> WHAT TO DO: Render every line of the data exactly as written, and leave out the pictures.

> RECORDED INFORMATION:
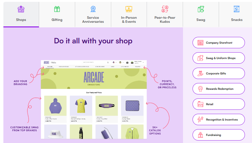 Unite all team members on a dedicated platform designed to enhance recognition, swag, and overall engagement. Our tailored offerings and exclusive swag catalog will elevate your engagement efforts significantly. Explore endless opportunities with our extensive catalog, which includes onboarding shops and swag kits to facilitate employee integration. Streamline HR operations, acknowledge employee achievements, and enhance the overall employee experience using Stadium's solutions. Automate celebrations for work anniversaries and significant milestones through targeted campaigns. Cultivate a vibrant company culture with a peer-to-peer recognition initiative. Amplify brand visibility, support marketing strategies, and draw in new clients through the capabilities of Stadium. Prevent unauthorized use of your company's logo by managing swag effectively. Commemorate rebranding efforts with a dedicated swag shop for staff members. Initiate a client gifting campaign to effectively promote new product launches. Strengthen and attract strategic partnerships with a selection of local eats, snacks, and more. Encourage a positive team environment by combining rewards, recognition, and gifting strategies, fostering unity and motivation among employees. By implementing these initiatives, your organization can build a stronger sense of community and commitment.
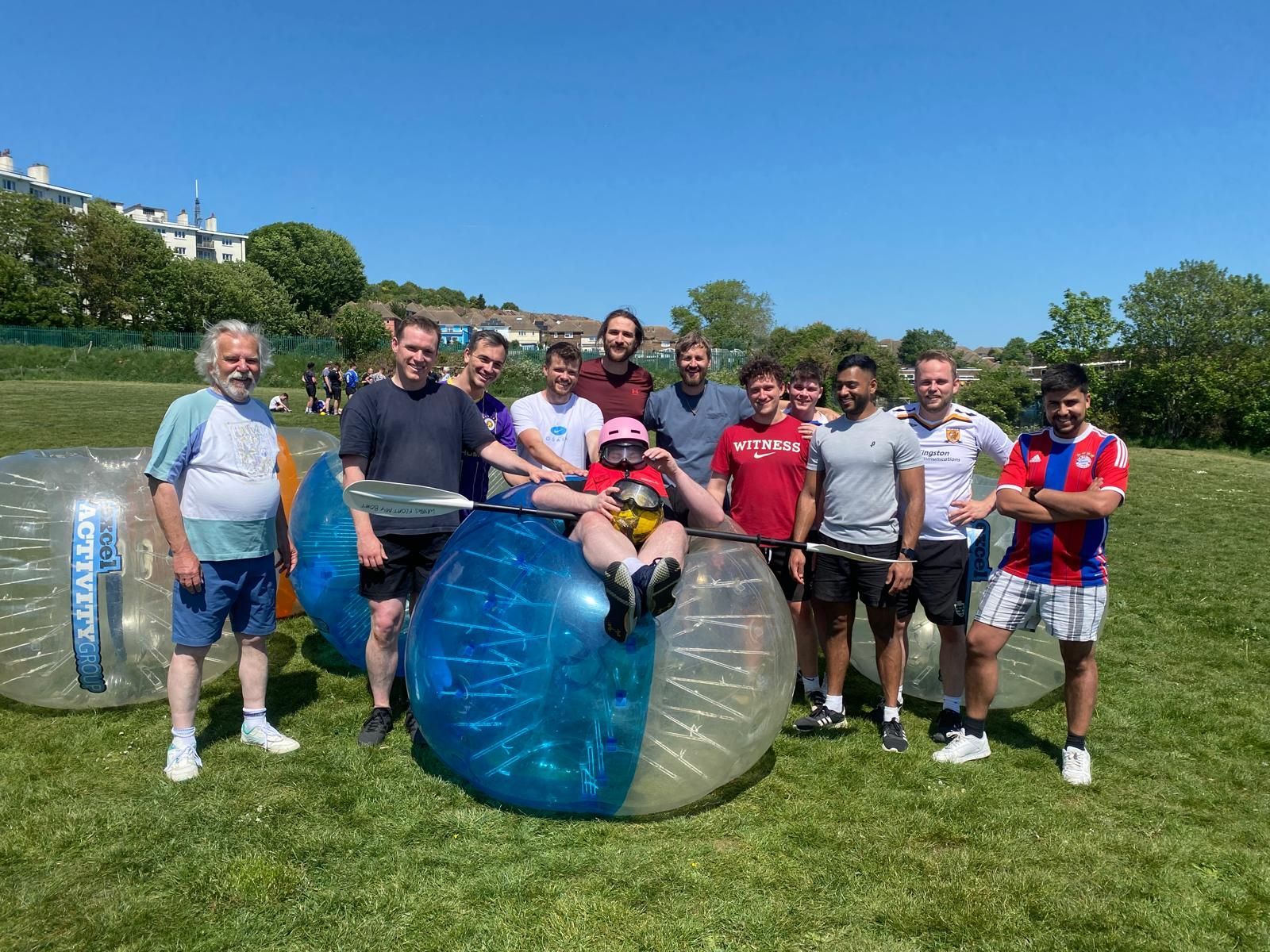 Zorbing Football, also known as bubble football, is a sport where players wear inflatable, transparent zorbing balls around their upper body. The aim is to play Football while encased in these giant bubbles, adding a fun and challenging element to the game as players bounce, collide, and roll around. It's a unique and entertaining twist on traditional football and just as fun for spectators alike.
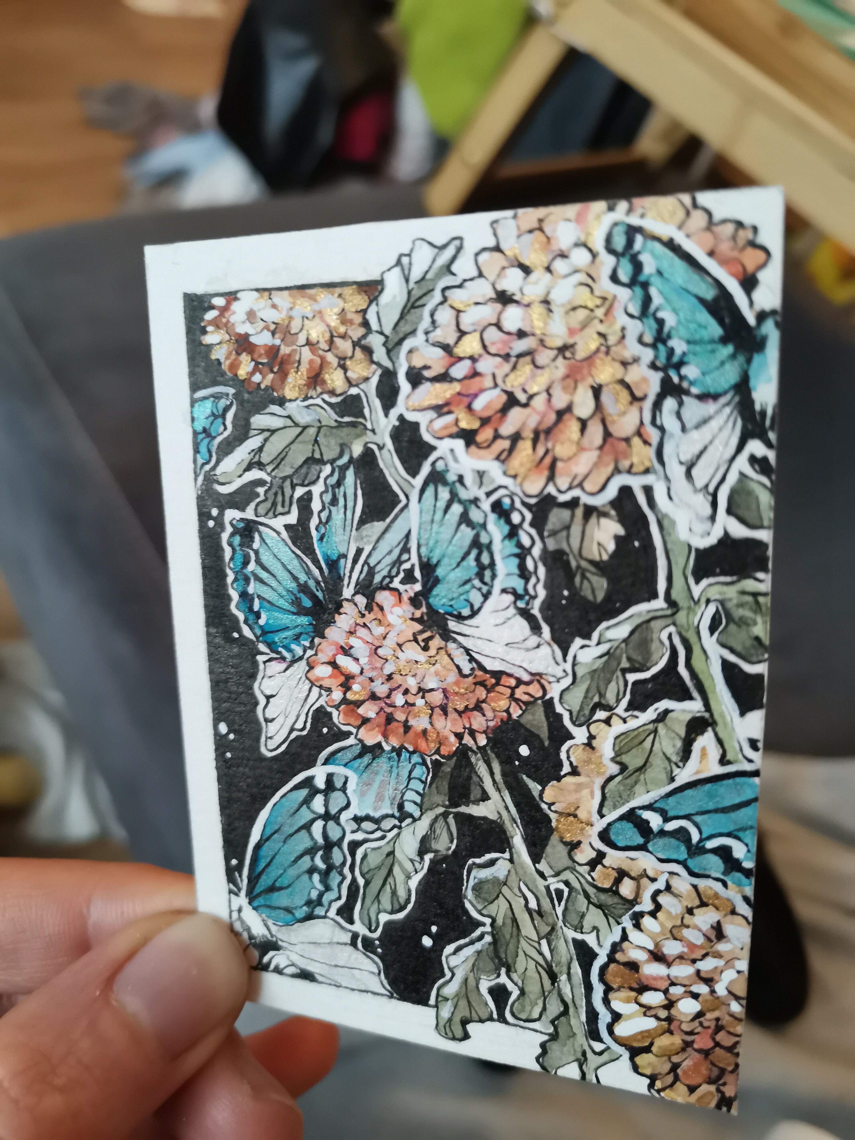 Ansonsten noch blauerbzw Türkise Glitzer an den oberen Flügeln und goldene Akzente an den Chrysanthemen.

> OUTPUT:
 Unite all team members on a dedicated platform designed to enhance recognition, swag, and overall engagement. Our tailored offerings and exclusive swag catalog will elevate your engagement efforts significantly. Explore endless opportunities with our extensive catalog, which includes onboarding shops and swag kits to facilitate employee integration. Streamline HR operations, acknowledge employee achievements, and enhance the overall employee experience using Stadium's solutions. Automate celebrations for work anniversaries and significant milestones through targeted campaigns. Cultivate a vibrant company culture with a peer-to-peer recognition initiative. Amplify brand visibility, support marketing strategies, and draw in new clients through the capabilities of Stadium. Prevent unauthorized use of your company's logo by managing swag effectively. Commemorate rebranding efforts with a dedicated swag shop for staff members. Initiate a client gifting campaign to effectively promote new product launches. Strengthen and attract strategic partnerships with a selection of local eats, snacks, and more. Encourage a positive team environment by combining rewards, recognition, and gifting strategies, fostering unity and motivation among employees. By implementing these initiatives, your organization can build a stronger sense of community and commitment.
 Zorbing Football, also known as bubble football, is a sport where players wear inflatable, transparent zorbing balls around their upper body. The aim is to play Football while encased in these giant bubbles, adding a fun and challenging element to the game as players bounce, collide, and roll around. It's a unique and entertaining twist on traditional football and just as fun for spectators alike.
 Ansonsten noch blauerbzw Türkise Glitzer an den oberen Flügeln und goldene Akzente an den Chrysanthemen.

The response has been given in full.